Mark Bussler (born 1975) is an American filmmaker, entrepreneur, and multi-media artist, who is best known for creating the long-running gaming webseries Classic Game Room.

Biography 

Bussler is the son of software entrepreneur Michael Bussler. He graduated from Shady Side Academy in 1994, and earned a business degree, with a concentration on marketing, from Bucknell University in 1998.

Classic Game Room 

Originally titled The Game Room and presented by Bussler and David Crosson, the video game review series launched on November 7, 1999 on the internet startup website FromUSAlive, part-owned by Michael. The pair had met at Pittsburgh Filmmakers School and shared a mutual love of movies and video games.

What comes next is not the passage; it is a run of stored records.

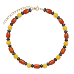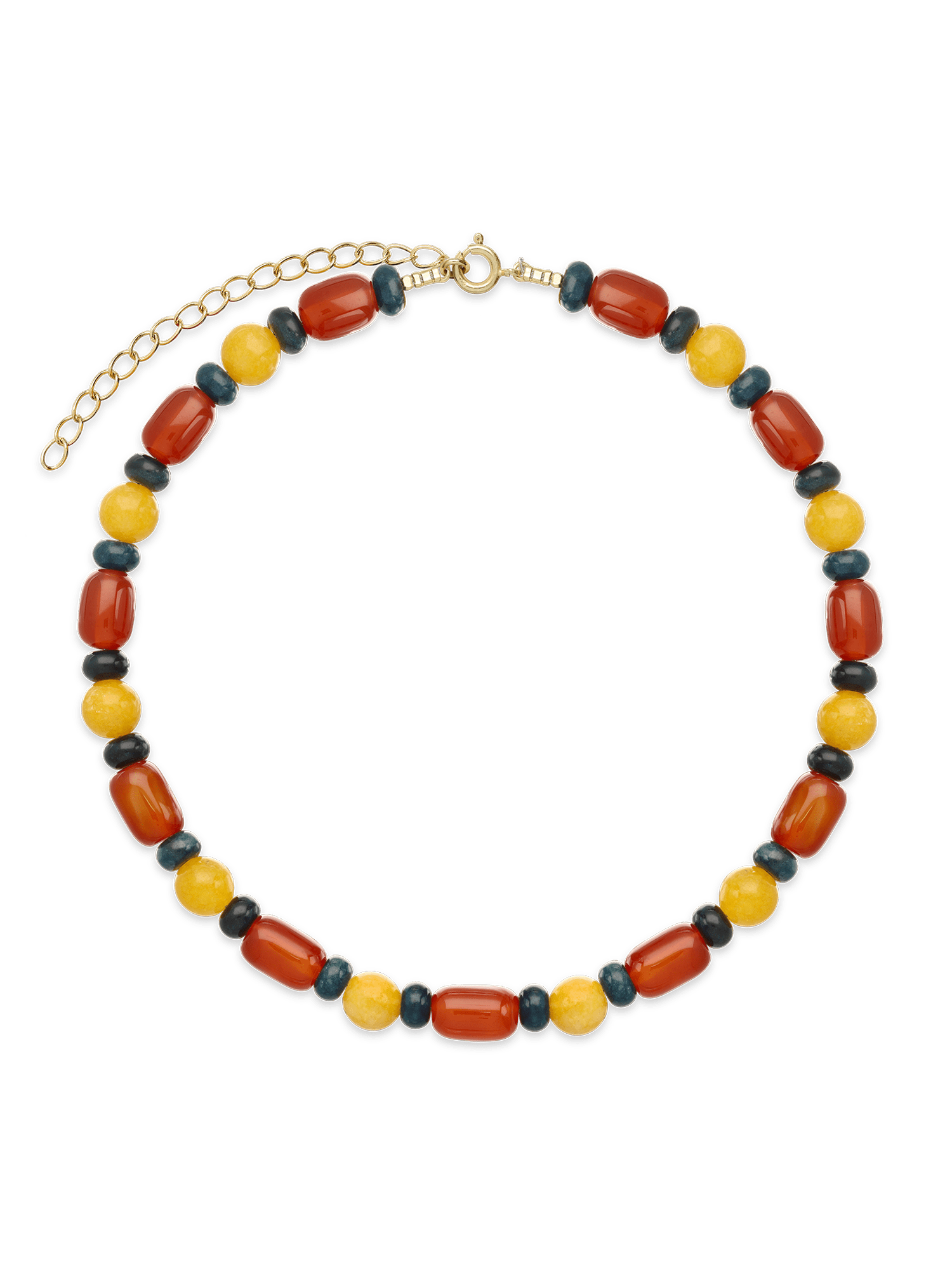 Colar de pedras banhado a Ouro com cornalina , jadeíte e quartzo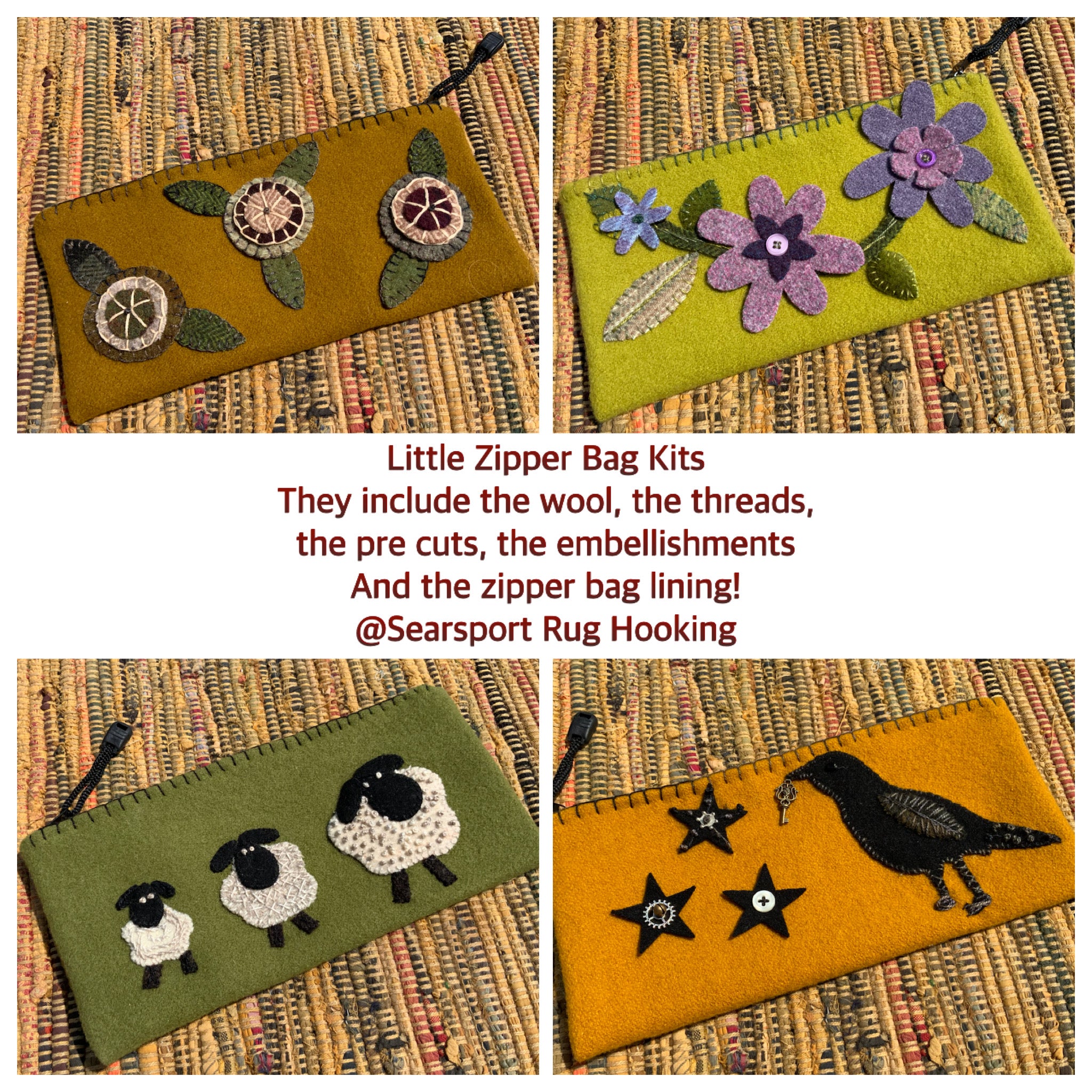 We have the DIY supplies and the basic kit. Then we have these complete kits. They come with the instructions, zipper bag, the wool cover, the pre cuts, beads and embellishments.
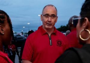 United Auto Workers President Shawn Fain greets workers at the Stellantis Sterling Heights Assembly Plant, to mark the beginning of contract negotiations in Sterling Heights, Michigan, U.S. July 12, 2023. REUTERS/Rebecca Cook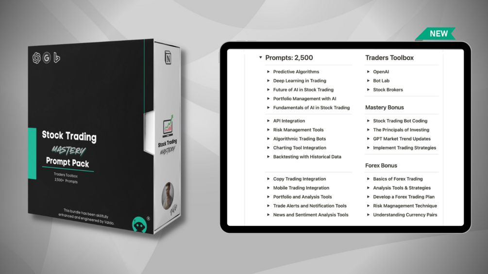 In this comprehensive pack of 2,500+ trading prompts, you'll unlock the secrets to harnessing the power of artificial intelligence for your trading strategies.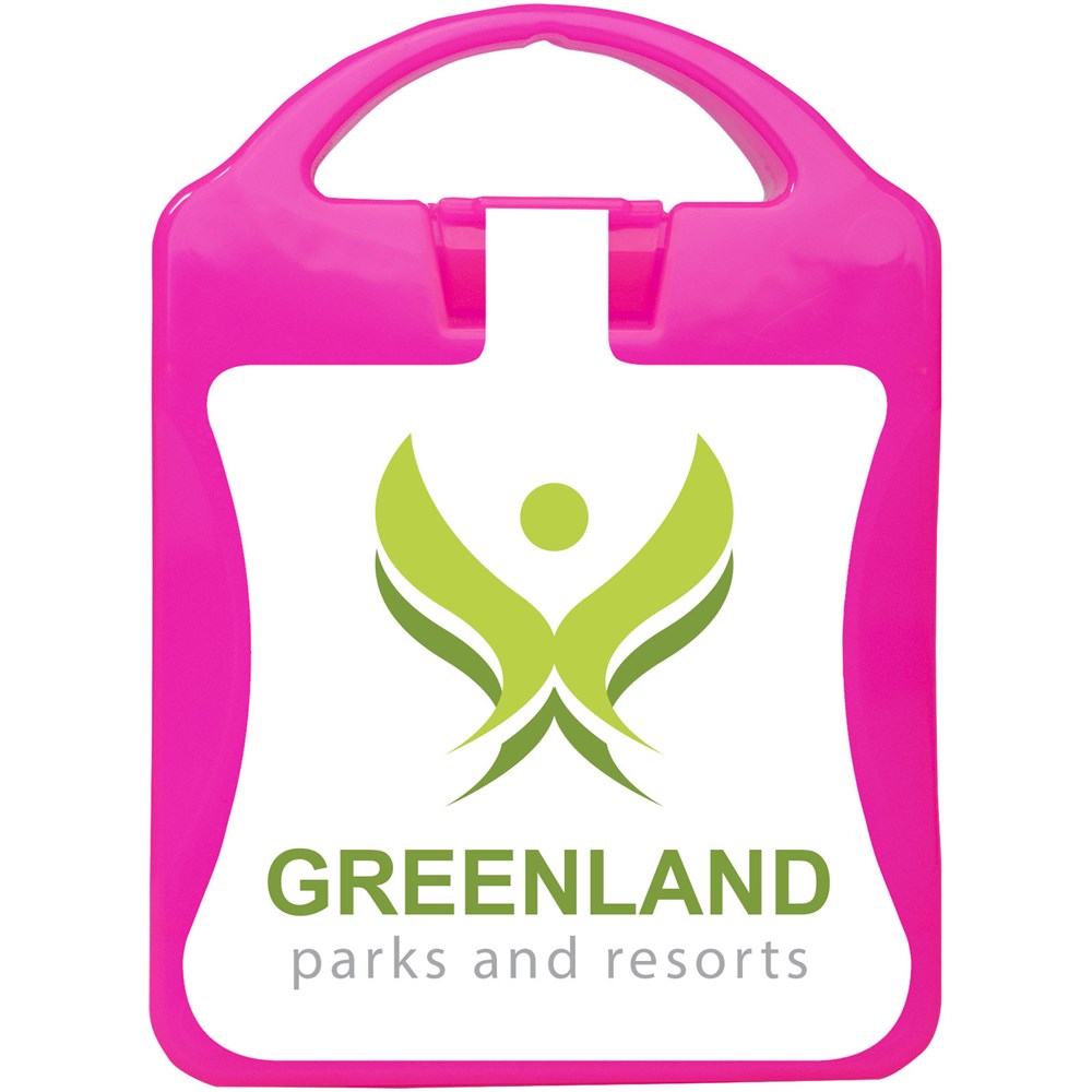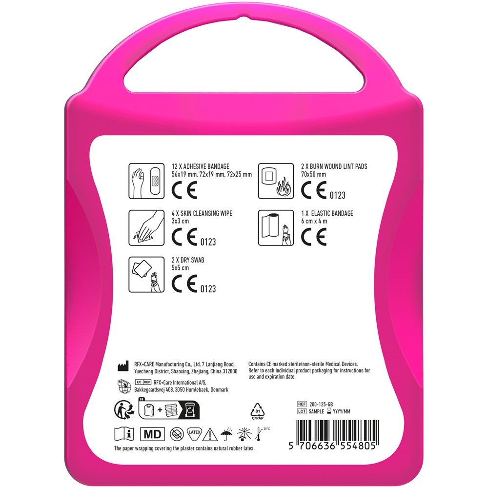 Dieses klassische Erste-Hilfe Set ist perfekt geeignet für den Gebrauch zu Hause oder im Auto, um bei Verletzungen und Unfällen vorbereitet zu sein. Inhalt: 12 wasserfeste Pflaster, 4 hautreinigende Tupfer, 2 Trockentupfer, 1 elastischer Verband, 2 Mullbinden für Brandwunden. Alle im Set enthaltenen Erste-Hilfe- und Pflegeprodukte erfüllen alle geltenden EU-Vorschriften. Preis inkl. vollfarbigem Druck.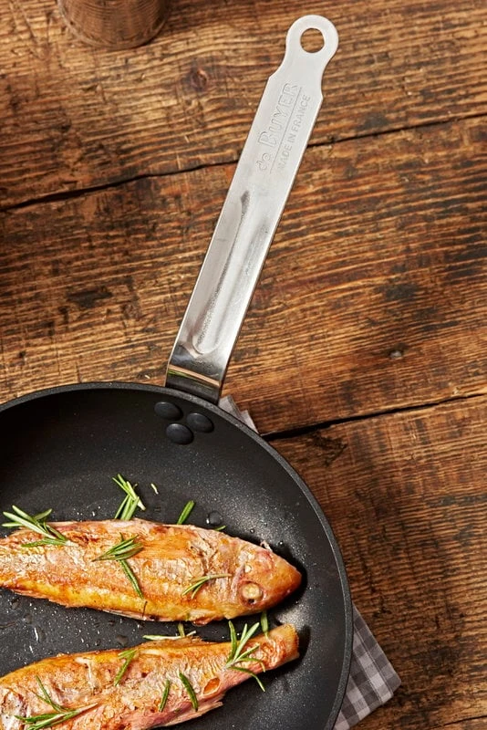 De Buyer’s Choc Intense 20 cm frying pan is ideal for cooking omelettes, vegetables or white fish. Perfected with a beautifully curved steel handle, the aluminium pan has a stylish, traditional look.

At first, Bussler and Crosson planned to review mainly then-modern games, but after a segment on older games proved to be popular, the show began reviewing earlier titles. However, the low-budget nature of the show led to slow episode production rates, and when revenue failed to cover the costs of running the show, The Game Room was canceled on October 23, 2000.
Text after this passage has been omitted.